A conducting loop of area 5.0 cm2 is placed in a magnetic field which varies sinusoidally with time as B = B0 sin ωt where B0 = 0.20 T and ω = 300 s−1. The normal to the coil makes an angle of 60° with the field.
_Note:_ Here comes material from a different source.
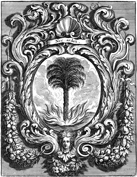Description: This emblem depicts a palm tree unscathed despite the fire at its base billowing smoke its trunk and leaves. The Latin phrase NEC ARDET, which translates" Yet Not Burnt" titles the ornamental frame. This emblem is one in a series of 46 published by Cardinal Celestino Sfondrati confirming the Immaculate Conception in nature.

Find (a) the maximum emf induced in the coil, (b) the emf induced at τ = (π/900)s and (c) the emf induced at t = (π/600) s.

#### Solution

Given:-
Area of the coil, A = 5 cm2 = 5 × 10−4 m2
The magnetic field at time t is given by
B = B0 sin ωt = 0.2 sin (300t)
Angle of the normal of the coil with the magnetic field, θ = 60°

(a) The emf induced in the coil is given by

$e = \frac{- d\theta}{dt} = \frac{d}{dt}(BA \cos \theta)$

$= \frac{d}{dt}\left[ \left( B_0 \sin \omega t \right) \times 5 \times {10}^{- 4} \times 1/2 \right]$

$= B_0 \times \frac{5}{2} \times {10}^{- 4} \frac{d}{dt}(\sin \omega t)$

$= \frac{B_0 5}{2} {10}^{- 4} \omega\left( \cos \omega t \right)$

$= \frac{0 . 2 \times 5}{2} \times 300 \times {10}^{- 4} \times \cos \omega t$

$= 15 \times {10}^{- 3} cost \omega t$

The induced emf becomes maximum when cos ωt becomes maximum, that is, 1.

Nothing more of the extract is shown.